• _Your objective_
Find each line of the material below in which the word "Anna" occurs, and return it.

• _Data for processing_

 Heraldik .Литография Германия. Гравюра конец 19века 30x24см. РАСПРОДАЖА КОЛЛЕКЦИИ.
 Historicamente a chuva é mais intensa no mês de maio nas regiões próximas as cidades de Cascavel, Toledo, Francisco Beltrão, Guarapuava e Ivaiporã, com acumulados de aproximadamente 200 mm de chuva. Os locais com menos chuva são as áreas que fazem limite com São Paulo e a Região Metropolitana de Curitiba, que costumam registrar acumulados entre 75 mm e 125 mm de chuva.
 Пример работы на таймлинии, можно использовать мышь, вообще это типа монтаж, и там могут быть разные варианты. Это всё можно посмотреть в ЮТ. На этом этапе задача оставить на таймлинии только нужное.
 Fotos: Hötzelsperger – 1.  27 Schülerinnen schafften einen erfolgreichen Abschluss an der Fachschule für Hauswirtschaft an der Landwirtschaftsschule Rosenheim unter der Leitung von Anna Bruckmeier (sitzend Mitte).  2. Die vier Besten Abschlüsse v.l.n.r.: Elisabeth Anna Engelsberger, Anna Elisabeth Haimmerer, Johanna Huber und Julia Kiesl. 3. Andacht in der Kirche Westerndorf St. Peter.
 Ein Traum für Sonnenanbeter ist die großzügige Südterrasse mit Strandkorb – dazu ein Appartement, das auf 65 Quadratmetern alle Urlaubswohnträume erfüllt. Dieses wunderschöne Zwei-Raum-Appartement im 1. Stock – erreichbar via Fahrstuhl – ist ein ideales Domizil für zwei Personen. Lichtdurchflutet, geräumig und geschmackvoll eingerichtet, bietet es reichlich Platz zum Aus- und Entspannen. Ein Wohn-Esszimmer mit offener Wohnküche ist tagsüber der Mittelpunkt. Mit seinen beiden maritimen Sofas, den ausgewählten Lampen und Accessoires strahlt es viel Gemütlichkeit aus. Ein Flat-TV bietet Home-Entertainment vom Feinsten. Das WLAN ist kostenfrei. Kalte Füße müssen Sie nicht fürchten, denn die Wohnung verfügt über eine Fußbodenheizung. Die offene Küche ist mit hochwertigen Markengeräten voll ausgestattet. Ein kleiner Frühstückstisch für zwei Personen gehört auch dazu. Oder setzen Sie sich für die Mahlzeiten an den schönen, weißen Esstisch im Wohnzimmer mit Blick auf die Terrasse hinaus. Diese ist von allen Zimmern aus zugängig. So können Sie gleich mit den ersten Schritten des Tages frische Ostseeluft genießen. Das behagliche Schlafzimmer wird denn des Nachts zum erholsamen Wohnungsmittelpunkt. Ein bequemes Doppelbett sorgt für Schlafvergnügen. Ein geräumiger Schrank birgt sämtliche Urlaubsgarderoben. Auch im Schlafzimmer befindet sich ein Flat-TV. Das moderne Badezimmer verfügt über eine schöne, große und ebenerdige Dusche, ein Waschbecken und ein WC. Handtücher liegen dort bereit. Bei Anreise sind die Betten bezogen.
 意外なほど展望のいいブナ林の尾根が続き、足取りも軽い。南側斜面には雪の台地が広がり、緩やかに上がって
--
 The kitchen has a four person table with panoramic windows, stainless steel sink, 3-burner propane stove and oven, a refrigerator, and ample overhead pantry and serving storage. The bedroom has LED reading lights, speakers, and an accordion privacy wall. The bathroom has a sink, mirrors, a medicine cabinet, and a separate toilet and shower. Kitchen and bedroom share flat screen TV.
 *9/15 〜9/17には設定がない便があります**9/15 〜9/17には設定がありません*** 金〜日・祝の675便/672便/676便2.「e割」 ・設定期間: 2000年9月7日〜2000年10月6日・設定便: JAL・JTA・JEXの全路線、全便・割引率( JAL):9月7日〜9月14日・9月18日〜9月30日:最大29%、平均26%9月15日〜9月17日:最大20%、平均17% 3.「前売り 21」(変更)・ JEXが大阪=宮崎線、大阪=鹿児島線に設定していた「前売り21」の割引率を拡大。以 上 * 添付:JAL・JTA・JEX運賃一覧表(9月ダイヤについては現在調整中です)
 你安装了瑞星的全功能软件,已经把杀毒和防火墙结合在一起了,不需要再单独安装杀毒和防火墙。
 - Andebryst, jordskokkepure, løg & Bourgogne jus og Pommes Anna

• _Your solution_
 Fotos: Hötzelsperger – 1.  27 Schülerinnen schafften einen erfolgreichen Abschluss an der Fachschule für Hauswirtschaft an der Landwirtschaftsschule Rosenheim unter der Leitung von Anna Bruckmeier (sitzend Mitte).  2. Die vier Besten Abschlüsse v.l.n.r.: Elisabeth Anna Engelsberger, Anna Elisabeth Haimmerer, Johanna Huber und Julia Kiesl. 3. Andacht in der Kirche Westerndorf St. Peter.
 - Andebryst, jordskokkepure, løg & Bourgogne jus og Pommes Anna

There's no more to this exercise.